The past two weeks here in Taganga have been ridiculously hot and filled with mosquitoes and loud music.  We have finally reached our limits of such treatment and have called for an end to it.  The days have been too hot to go to the beach, too hot to do anything but lie in a hammock and feel sorry for our unemployed and transient selves.  The only reprieve we have found is to go diving and this we have done well.  We have just recieved our Nitrox Certification, which means that we can now dive with oxygen blended air.
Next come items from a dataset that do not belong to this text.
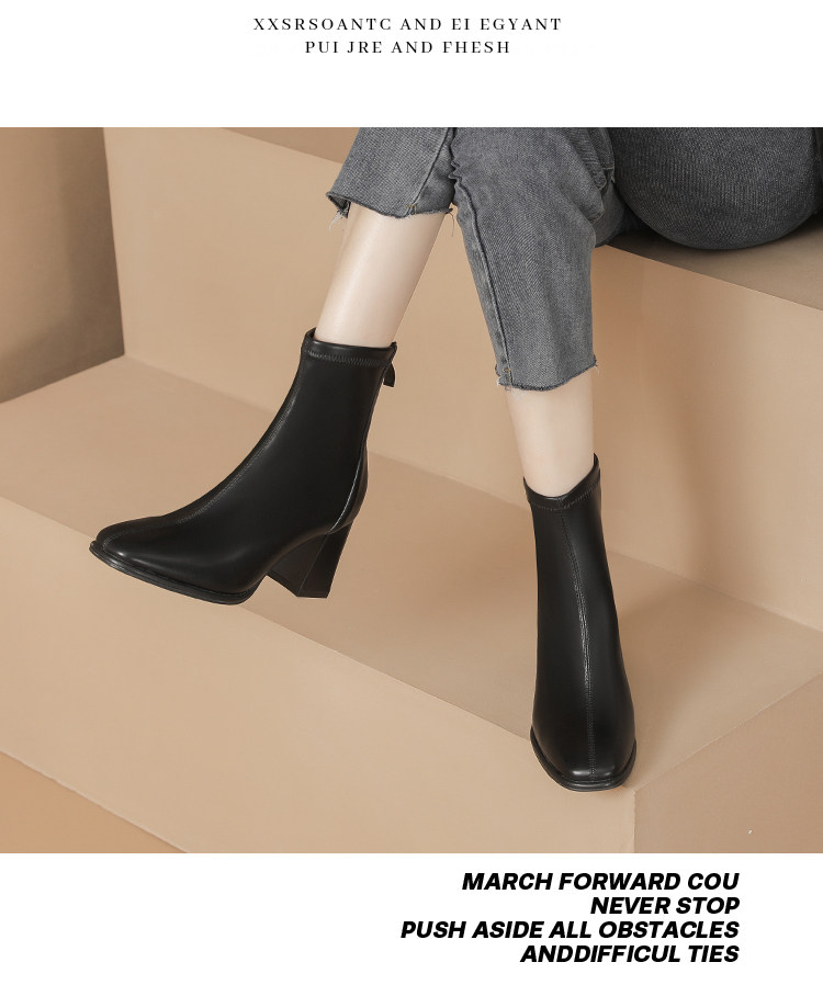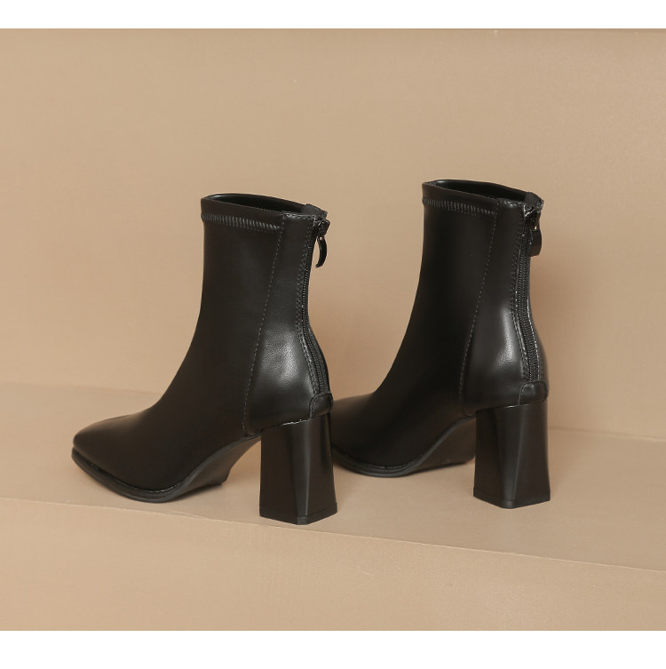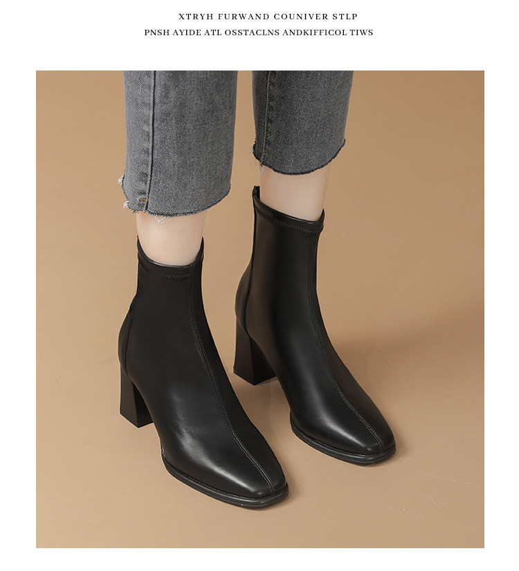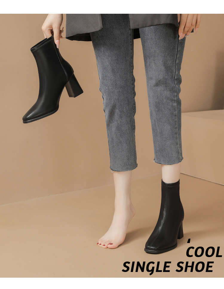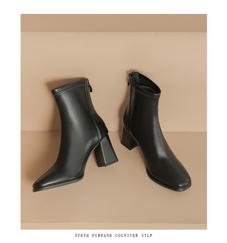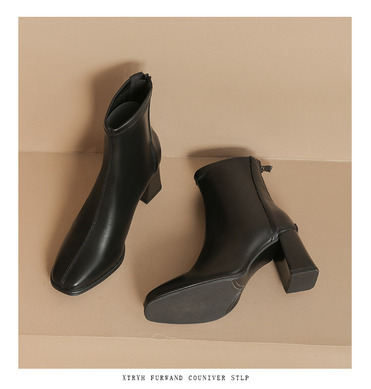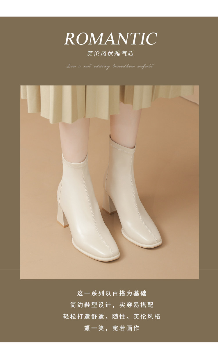 秋冬爆款真皮白色法式高跟短靴女粗跟馬丁靴瘦瘦靴子小碼鞋313233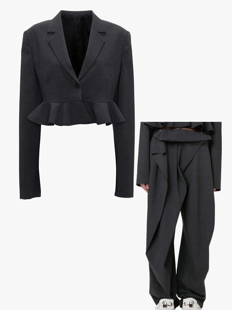 Blazer: A cropped black blazer with a single button closure. It features ruffle detailing along the hemline, adding a feminine touch. The sleeves are long with an exaggerated, slightly puffed appearance, contributing to a bold and structured look.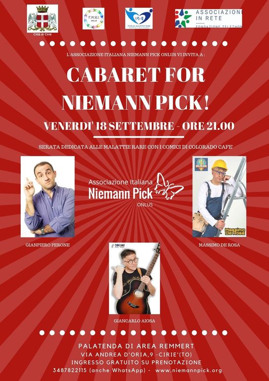 Venerdì 18 settembre alle ore 21.00 presso il Palatenda di Area Remmert in via Andrea D’Oria, 9 a Cirié (TO) avrà luogo lo spettacolo “Cabaret for Niemann Pick!” con i comici di “Colorado Café” dedicato all’Associazione Italiana Niemann Pick Onlus di Cirié (TO).
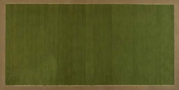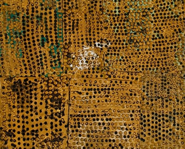 Editor: So, this is Helmut Federle's "Legion XVII" from 1997, made with mixed media. I’m immediately struck by the…texture. It's almost like looking at rows of something decaying. What jumps out at you when you examine this piece? Curator: The initial reaction centres on the interplay between line, color and texture. Note how Federle uses horizontal lines to structure the canvas, creating a stratified visual field. These lines, rendered in varying shades of what appears to be ochre, black and beige, are not uniform; they’re broken, smudged, and layered, suggesting process. What kind of material process might have created this effect, do you imagine? Editor: Maybe some sort of scraping or layering of paint, perhaps even the addition of other materials to build up the texture? The texture makes me think of weathered wood or distressed metal. It has a very tactile quality. Curator: Precisely. The formal analysis encourages to perceive these visual phenomena and reflect on these effects, as ends in themselves, not as symbolic tools. The texture introduces the temporal dimension to a rather static geometrical composition. This pushes it outside pure abstraction. What happens to your initial response if we imagine this image as simply line, texture, and color and not decay? Editor: If I remove the decay association, I start to appreciate the individual qualities of each line. The varying textures and subtle color shifts become more prominent, creating a unique visual rhythm. I see now how Federle focuses on pure visuality by letting color, texture, and lines coexist in dynamic tension. Curator: Indeed, stripping the artwork of symbolic associations allows us to appreciate the fundamental elements and relationships crafted by the artist, thus enabling a deeper phenomenological and aesthetic experience. Editor: That's an important reminder about focusing on what's visibly and materially present, rather than jumping to meaning right away.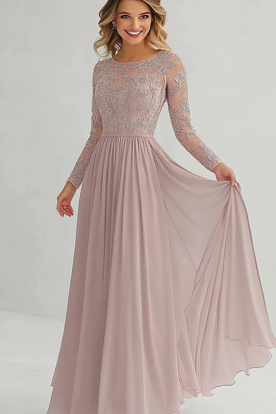 Elegant A Line Long Sleeve Mother of Bride Dress with Lace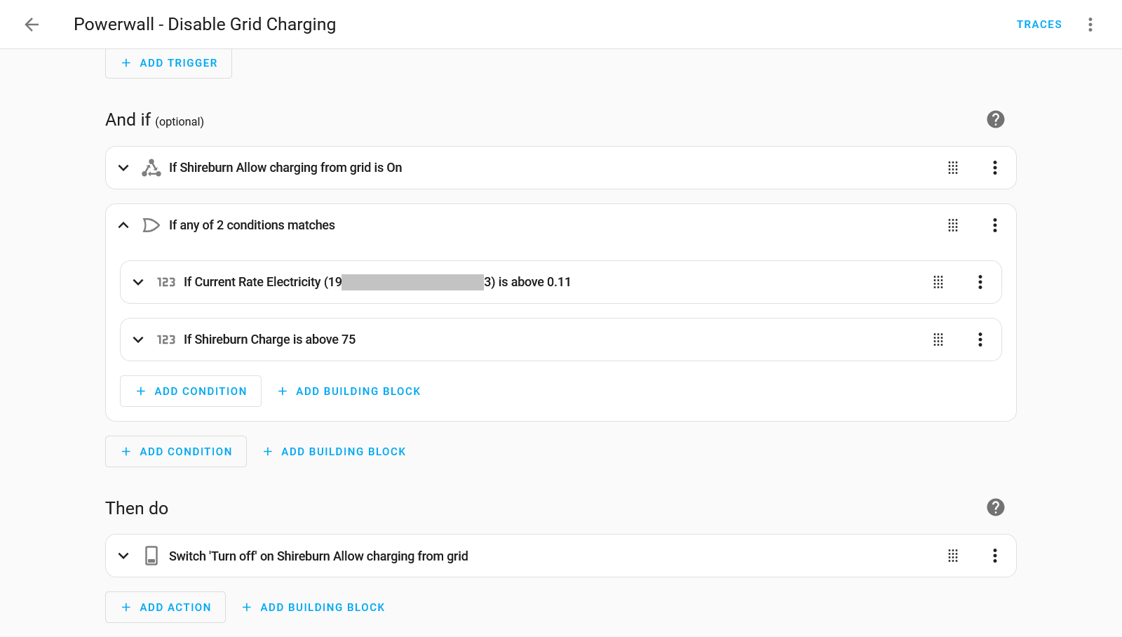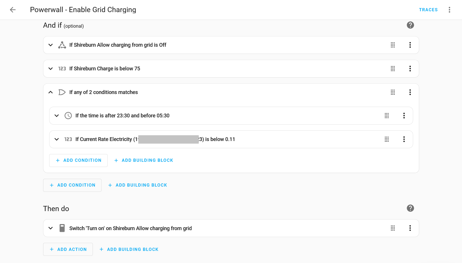 The automation to enable grid charging is then of course very similar, checking for energy cost and SoC target, and then enabling grid charging when required.

Normally Scuba divers breathe normal air compressed into cylinders, but a few years ago they started adding extra oxygen to change how long you can stay at certain depths.  What limits how long one can stay at a depth can be one of two things: lack of air and too much nitrogen.  Obviously only so much air can fit into a cylinder, but the other part, nitrogen, is a little more complicated. When at depth your body absorbs and uses oxygen, it also absorbs nitrogen, but can’t use it. If you break the surface with too much nitrogen in your system you run the risk of getting “the bends” or Decompression Sickness. The farther down you go the more nitrogen you have in your sytem. There are methods used be professionals (like welders and such) to dive really deep for long periods of time, but for recreational divers the only real answer is Nitrox.  Obviously if you have more oxygen (up to 40% as opposed to the normal 21%) you have less nitrogen and you can stay at deeper depths for longer periods of time. We now have the ability to use those blends when we dive, oh boy.

We are finding out just how difficult it is to travel with animals as everybody wants us to use their services, but nobody wants our cats. The bus tells us that we will have to put the kittens in the unbelievably hot cargo hold that has no air, but we have “un amarrillo” that says differently.